Computational Simulation of Fuel Tank Sloshing using CFD Techniques

Sloshing refers to the highly nonlinear movement of any liquid inside an object where the dynamic forces of the liquid can interact with the object to alter the overall system dynamics significantly. The purpose of this paper is to design and simulate the 3-D geometry of a fuel tank using the volume of fluid (VOF) method considering multi-phase fluid flow approach predicting fuel slosh movement at a specific capacity within a definite fixed volume.

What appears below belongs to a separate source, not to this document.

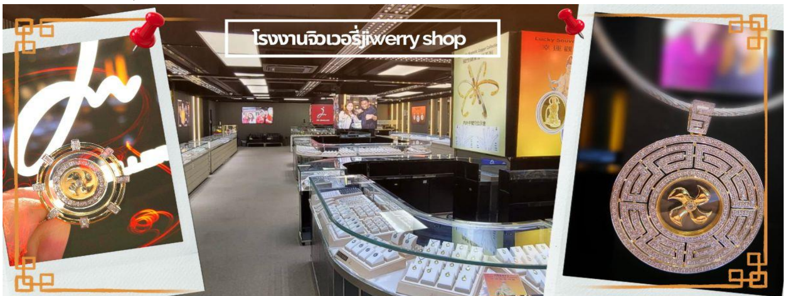
โรงงานจิวเวอรี่jewerry shop

จากนั้นนำท่านชม โรงงานจิวเวอรี่ ซึ่งเป็นโรงงานที่มีชื่อเสียงที่สุดของฮ่องกงในเรื่องการออกแบบเครื่องประดับ อาทิเช่น จี้ และแหวนกำหั้น ที่สวยงามโดดเด่นไม่เหมือนใคร ซึ่งถือกำเนิดขึ้นที่นี่และมีชื่อเสียงที่สุดใช้เป็นเครื่องประดับติดตัว และเสริมดวงชะตา สินค้าทุกชิ้นมีเอกสารรับประกันคุณภาพเปลี่ยน ซ่อม ใต้ตลอดอายุการใช้งาน หากเกิดการชำรุดจากสินค้าไม่ใช่อุบัติเหตุ และนำท่านเลือกซื้อ เครื่องประดับที่ ร้านหยก ซึ่งคนจีนนั้นถือว่าหยกเป็นหิน ที่เป็นตัวแทนของความสวยงามและความบริสุทธิ์ มีความเชื่อว่าหยกมงคล ถ้าพกติดตัวไว้จะอายุยืน และสุขภาพดี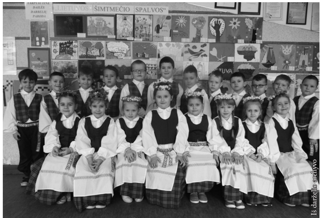
Vaikai pasipuošę dzūkiškais tautiniais drabužėliais

dieną. Šventės „Mano spalvotas pasaulis – mes 100-mečio vaikai“ metu smagiai pabendravome su bendramžiais iš Seinų „Žiburio“ vaikų darželio.

The splash of gasoline inside the partially filled fuel tank when subjected to sudden deceleration can be modeled, analyzed and effectively controlled by reducing pressure intensities inside the tank walls using a coupled fluid structure interaction at a common interface within the fuel tank through commercial CFD codes [1]. This study is concluded by comparing two types of geometries using computational simulations inside the fuel tank considering 40% of fuel and 60% of air inside a 40 liters fuel tank, thus predicting the effect of sloshing forces and moments inside the tank structure considering longitudinal acceleration fields. The model is discussed and results are presented. In addition, this paper can be referred as a detailed guideline for analyzing sloshing phenomenon within a fuel tank using CFD simulations for effective fuel tank design in case of LCV's [8] which will be useful in product engineering and vehicle integration within automotive industry.